PROBABILISTIC META-LEARNING FOR BAYESIAN OPTIMIZATION

Abstract

Transfer and meta-learning algorithms leverage evaluations on related tasks in order to significantly speed up learning or optimization on a new problem. For applications that depend on uncertainty estimates, e.g., in Bayesian optimization, recent probabilistic approaches have shown good performance at test time, but either scale poorly with the number of data points or under-perform with little data on the test task. In this paper, we propose a novel approach to probabilistic transfer learning that uses a generative model for the underlying data distribution and simultaneously learns a latent feature distribution to represent unknown task properties. To enable fast and accurate inference at test-time, we introduce a novel meta-loss that structures the latent space to match the prior used for inference. Together, these contributions ensure that our probabilistic model exhibits high sample-efficiency and provides well-calibrated uncertainty estimates.

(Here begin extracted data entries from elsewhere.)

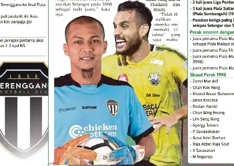 Mohd Suffian Abdul Rahman - Facebook - Penjaga gol berpengalaman terengganu fc (tfc), mohd suffian abdul rahman bertekad mengulangi aksi cemerlang ketika bertemu bekas majikannya, negeri sembilan (ns) di stadium sultan ismail nasiruddin shah, malam esok.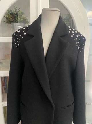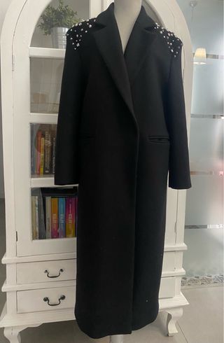 Elegante abrigo largo de Zara, confeccionado en lana de alta gama. - Diseño clásico con solapas. - Detalle de pedrería en los hombros. - Corte recto y largo. - Cierre frontal.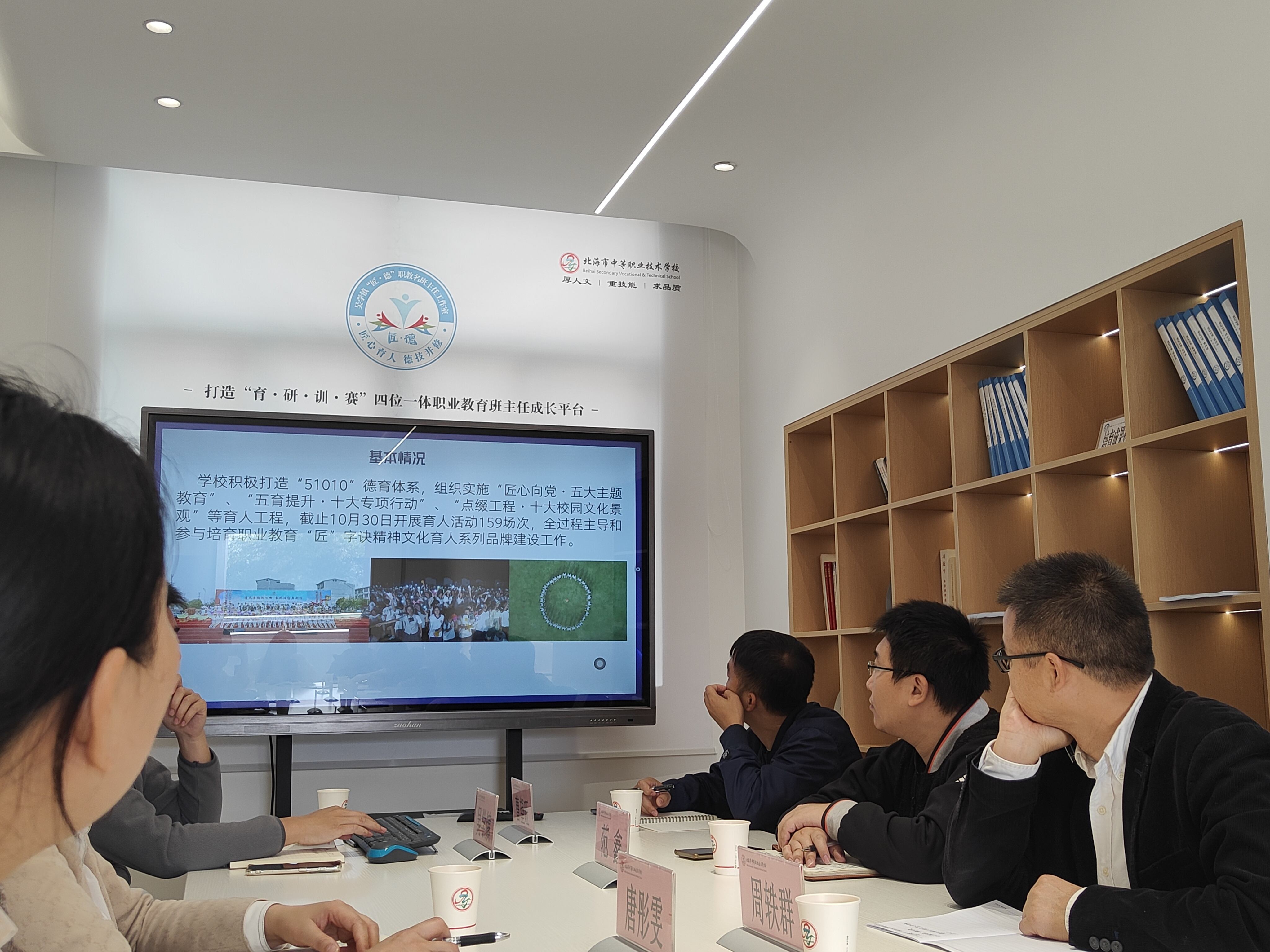 在参观完学生的宿舍后,唐彤雯副校长向我们就班主任队伍建设、学生管理工作等方面做了详细介绍,并由吴学镇书记介绍了“匠·德”名班主任工作室的建设成果、工作室的立项、核心理念、建设思路、研究分析方向等方面,大家全情投入倾听,收获颇丰。随后大家对名班主任工作室的建设情况展开交流。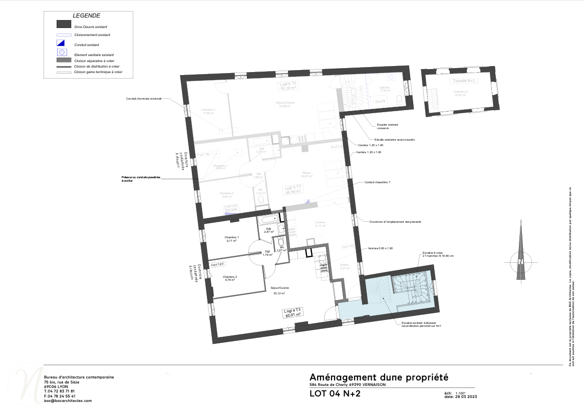 Opportunité à saisir dans une maison de maître sur les hauteurs de Vernaison de 6 lots, T3 de 60.91 m²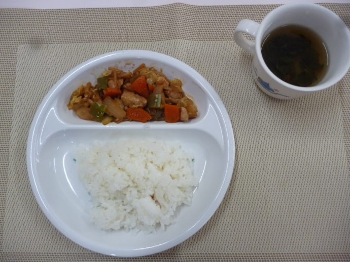 今日の給食は、「鶏肉と野菜の味噌炒め」と「青菜のすまし汁」 おやつは、「牛乳」、「みかん缶」と「ハッピーターン」です。
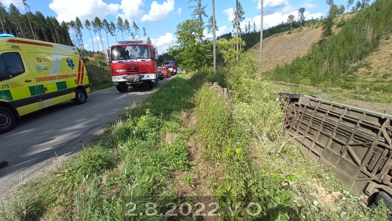 Jednotka vyjíždí na příkaz KOPIS HZS JMK k dopravní nehodě autobusu s vyproštěním osob na silnici Velké Opatovice směr Velká Roudka. Průzkum. Při příjezdu na místo zásahu, zjištěn linkový autobus, který havaroval sjetím do příkopu a převrátil se na pravý bok. Od civilních osob, které se pohybovali v okolí místa nehody, zjištěno, že ve voze jsou tři lidé, zranění, při vědomí. Okamžitá stabilizace autobusu automobilovým navijákem z T815 CAS24. Z vozu nyní neunikaly žádné PHM. Provedeno PPO. Dva cestující (žena a muž) byli zranění lehce a proto hasiči pomohli s vystoupením z autobusu střešním ventilačním oknem. Posazeni na krajnici silnice a dohoda s civilními osobami že je pohlídají do příjezdu ZZS. Za střechu autobusu ustaveny stabilizační tyče proti svahu. Řidič autobusu ležící na zádech v prostoru kabiny. Fixace krční páteře krčním límcem. Naložen na páteřní desku. Příjezd RZP Velké Opatovice. Za spolupráce se záchranářem je řidič na páteřní desce střešním ventilačním oknem vyproštěn ven a transportován k sanitnímu vozu. Příjezd PS Boskovice, předání místa zásahu. Příjezd RLP Boskovice, pomoc s transportem řidiče do vakuové matrace a do vozu ZZS. Dle instrukcí VZ dále prováděna činnost. Příjezd RZP Moravská Třebová, PS Blansko, Dopravní policie, LZS Hradec Králové, PS Lidická, tiskový mluvčí, inspektorát vedení od autobusu. Po odjezdu všech složek ZZS prováděno ve spolupráci s profesionálními hasiči vyčištění prostoru svahu od dřevin aby bylo možné těžkou technikou provést vytažení autobusu zpět na silnici. Po dokumentaci nehody dopravní policií a vytažení havarovaného busu provedla jednotka uklizení vysypaných věcí z busu ze svahu do pytlů. Po dohodě s VZ odjezd na základnu.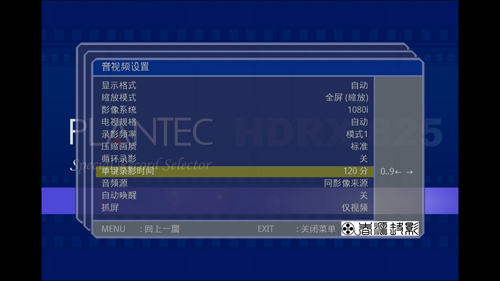 4、输入信号源调整: 根据输入端子,调整输入信号源。如果输入的是HDMI信号,根据插入的HDMI序号(1或者2),通过按信号源右边的切换按钮,调整到相应序号的HDMI蓝色信号源指示灯亮。如果是闪亮,则没有找到信号源,如果是衡亮,则已经找到信号源,说明连接正确。如果一直是闪亮状态,则要检查数字电视机顶盒是否处于正常播放状态,同时检查高清线两头的端子是否插紧,高清线是否正常联通能用。信号源灯衡亮,连接正常后,电视机会显示出机顶盒正在播放的央视五套的体育频道画面。至此,连接和设置完成。 AV、VGA输入端子信号源的调整方式与HDMI输入调整模式基本一样。只要切换到相应的输入端子信号指示灯衡亮就可以。 5、随时录像 机器面板右侧有个REC录像按钮,按一次,则可以随时录像,红色录像指示灯闪亮,移动硬盘或者U盘的指示灯也会闪亮,电视机屏幕会提示刻录已经开始,再按一次,则停止录像,屏幕提示刻录已经停止,U盘或者硬盘指示灯停止闪亮。用遥控器也可操作随时录像和停止录像。按遥控器的录画键则开始录像,按遥控器的STOP键,则停止录像。 随时录像也是可以设置录像时间长短的。进入系统菜单的系统设置的音视频设置界面,会看到有个单键录影时间,出厂时默认为120分钟,通过按遥控器的左右键可以延长或者缩短单次随时录像时间。

We evaluate the proposed approach and compare its performance to probabilistic models from the literature on a set of Bayesian optimization transfer-learning tasks.

1. INTRODUCTION

Bayesian optimization (BO) is arguably one of the most proven and widely used blackbox optimization frameworks for expensive functions (Shahriari et al., 2015) with applications that include materials design (Frazier & Wang, 2016 ), reinforcement learning (Metzen et al., 2015) , and automated machine learning (ML) (Hutter et al., 2019) . In practical applications, BO is repeatedly used to solve variations of similar tasks. In these cases, the sample efficiency can be further increased by not starting the optimization from scratch, but rather leveraging previous runs to inform and accelerate the latest one. Several approaches to this emerged under the name of transfer-learning (Weiss et al., 2016) and meta-learning (Vanschoren, 2018) . Compared to early work by Swersky et al. (2013); Golovin et al. (2017) , recent publications leverage the representative flexibility of neural networks, which allows for more powerful models and impressive results (Gordon et al., 2019; Rusu et al., 2019; Garnelo et al., 2018b; a; Zintgraf et al., 2019) . Despite these significant advances, only a small subset of algorithms offers the well-calibrated uncertainty estimates on which BO relies to guide its sampling strategy efficiently. Additionally, BO benefits greatly from a meaningful prior over tasks that quickly converges to the true function to provide the highest sample efficiency. Existing work mostly focuses on deterministic models and, for those providing uncertainty estimates, sample-efficiency at test time is often a challenge.

Contributions

We set out to close this gap and introduce BAyesian optimization with Neural Networks and Embedding Reasoning (BaNNER), a flexible meta-learning method for BO. We go beyond previous work of Perrone et al. (2018) and introduce a generative regression model explicitly conditioned on a low-dimensional latent representation for the tasks. This allows our model to (i) encode a meaningful prior over tasks and (ii) remain highly sample-efficient, since each new task only requires inference over a low-dimensional latent representation. To ensure robust training of our model, we introduce a novel loss function to regularize the latent distribution and optimize our model's hyper-parameters using the available meta-data. We evaluate BaNNER on a set of synthetic benchmarks and two meta-learning problems and compare with the state-of-the-art in the literature.